Book The Power of Place in Place Attachment

Download or read book The Power of Place in Place Attachment written by Alexander C. Diener and published by Taylor & Francis. This book was released on 2023-02-28 with total page 224 pages. Available in PDF, EPUB and Kindle. Book excerpt: This book provides geographical perspectives on the complex and multifaceted relationship between people and their lived environments. Scholars with varied regional, theoretical, and topical specialties offer chapters that explore different aspects of a phenomenon so pervasive that no conception of social or political action can afford to ignore it. In the process of spatial organization and differentiation, people develop emotional attachments to specific places, as well as people, objects, and practices associated with those places. Place attachments thereby shape everyday routines (e.g., routes to work, shopping, social interactions), major life choices (e.g., places of residence, education, and vacations), and identities (e.g., civic, national, and religious). These attachments occur across multiple scales from personal dwellings to community, region, and homeland. It is our hope that this book reveals synergies between geography and other disciplines engaging with place attachment whilst invigorating research on the topic. The Power of Place in Place Attachment will be of great value to researchers and scholars of geography, identity, mobility, and urban landscape change. The chapters in this book were originally published as a special issue of Geographical Review.

Book Gendered Ecologies

Download or read book Gendered Ecologies written by Dewey W. Hall and published by Liverpool University Press. This book was released on 2020-03-18 with total page 276 pages. Available in PDF, EPUB and Kindle. Book excerpt: Gendered Ecologies considers the value of interrelationships that exist among human, nonhuman species, and inanimate objects, featuring observations by women writers as recorded in texts. The edition presents a case for transnational women writers, participating in the discourse of natural philosophy from the late eighteenth through the early twentieth centuries.

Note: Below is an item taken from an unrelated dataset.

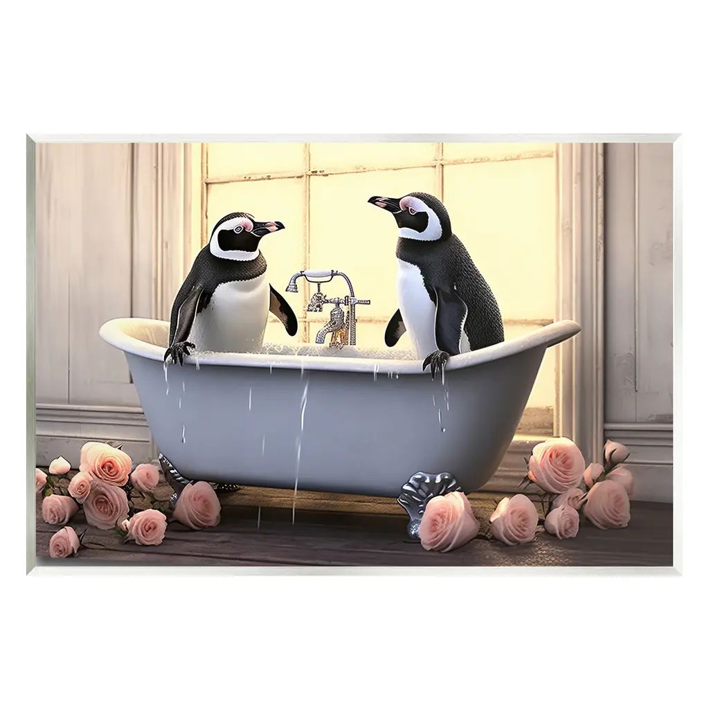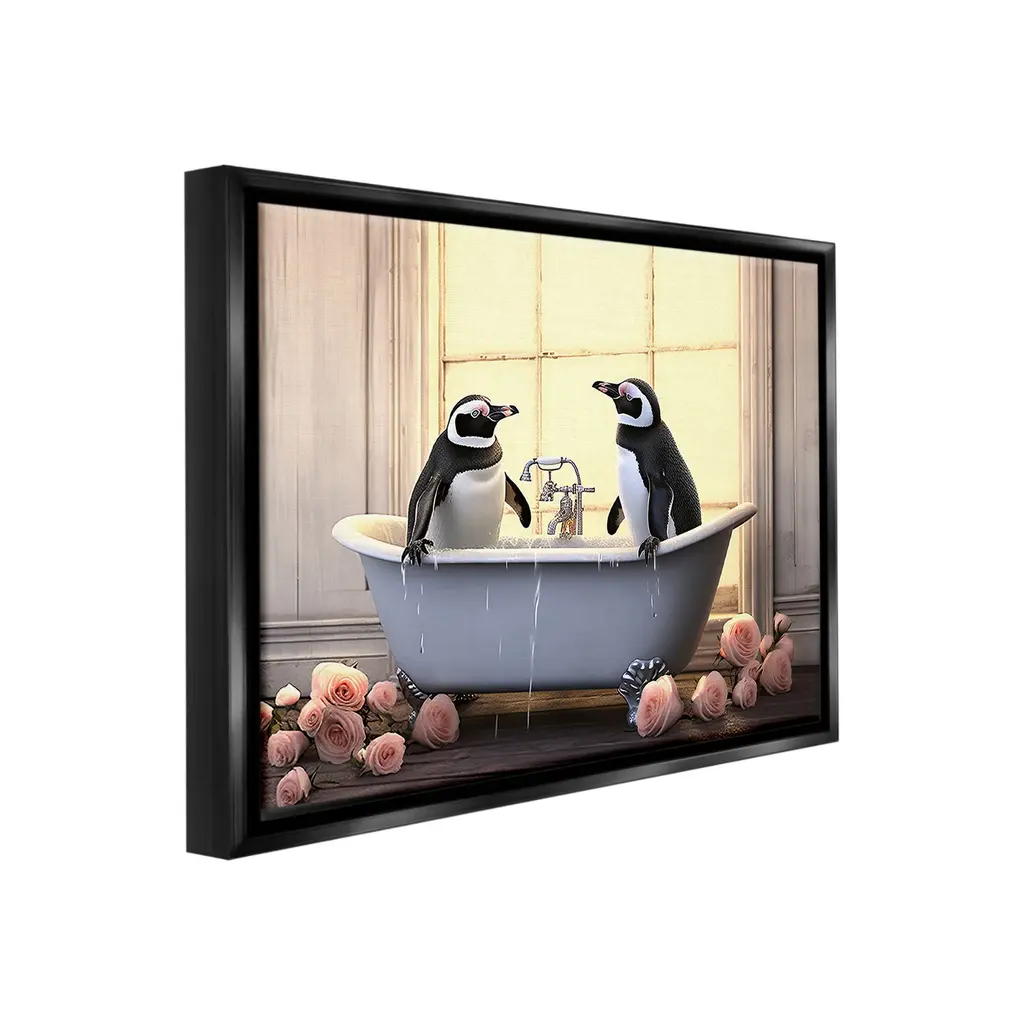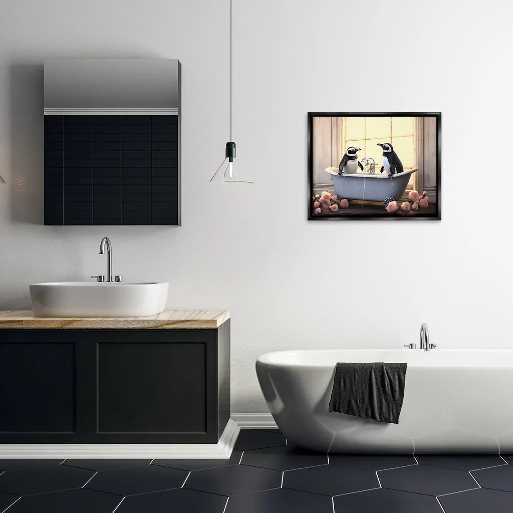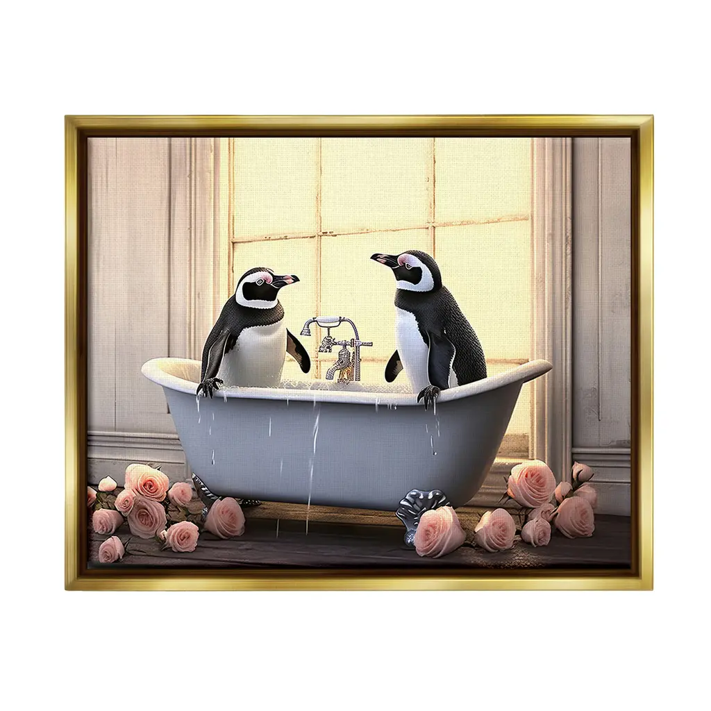 Elevate your home or office to the next level with Stupell Framed Floating Canvas Wall Art. Our premium hand-stretched canvas is mounted securely into a sturdy lightweight frame. The museum-style gap between the wrapped canvas and the box frame gives the illusion of floating artwork. Stupell Wall Art is made in the USA.Features: Dimensions: 21 x 1.7 x 17 Frame, 20 x 1.5 x 16 Canvas ArtFloating Frame Canvas Products are available in sizes 21"x17" and 31"x25". All Floating Frame Canvas Products have a 1.7" Depth.Wall Art is Ready to Hang with Hardware Free Hanging. No Installation required. For Easy Set Up Lean or Layer Artwork on Shelf or Against Wall. Artwork is Permently Fixed into the Frame.Our elevated 1.7" Thick Floating Frame is the perfect complement to our canvas style Wall Art. We use only the highest quality inks in house with industry leading printing solutions. Canvas is hand stretched over a durable wood foundation and then mounted securly into a Modern Box Frame. Made in the USA.Artwork Relates To: Bathroom, Animal, Bird, Penguin, Bathtub, Tub, Flower, BlossomDesign by Lazar Studio

Book The Nadir and the Zenith

Download or read book The Nadir and the Zenith written by Anna Pochmara and published by University of Georgia Press. This book was released on 2021-05 with total page 257 pages. Available in PDF, EPUB and Kindle. Book excerpt:

Book Modern Political Aesthetics from Romantic to Modernist Fiction

Download or read book Modern Political Aesthetics from Romantic to Modernist Fiction written by Tudor Balinisteanu and published by Routledge. This book was released on 2018-05-11 with total page 225 pages. Available in PDF, EPUB and Kindle. Book excerpt: In this new research monograph, Tudor Balinsteanu draws on concepts of dance to demonstrate how the nonhuman is dealt with in terms of practical politics, that is, choreographies of social performance which emerge at the intersection of literature, art, and embodied life. Drawing on a number of influential texts by William Wordsworth, Joseph Conrad, W. B. Yeats, and James Joyce, this truly interdisciplinary monograph explores the relations between the human and the nonhuman across centuries of literature and as demonstrated in philosophical concepts and social experiments.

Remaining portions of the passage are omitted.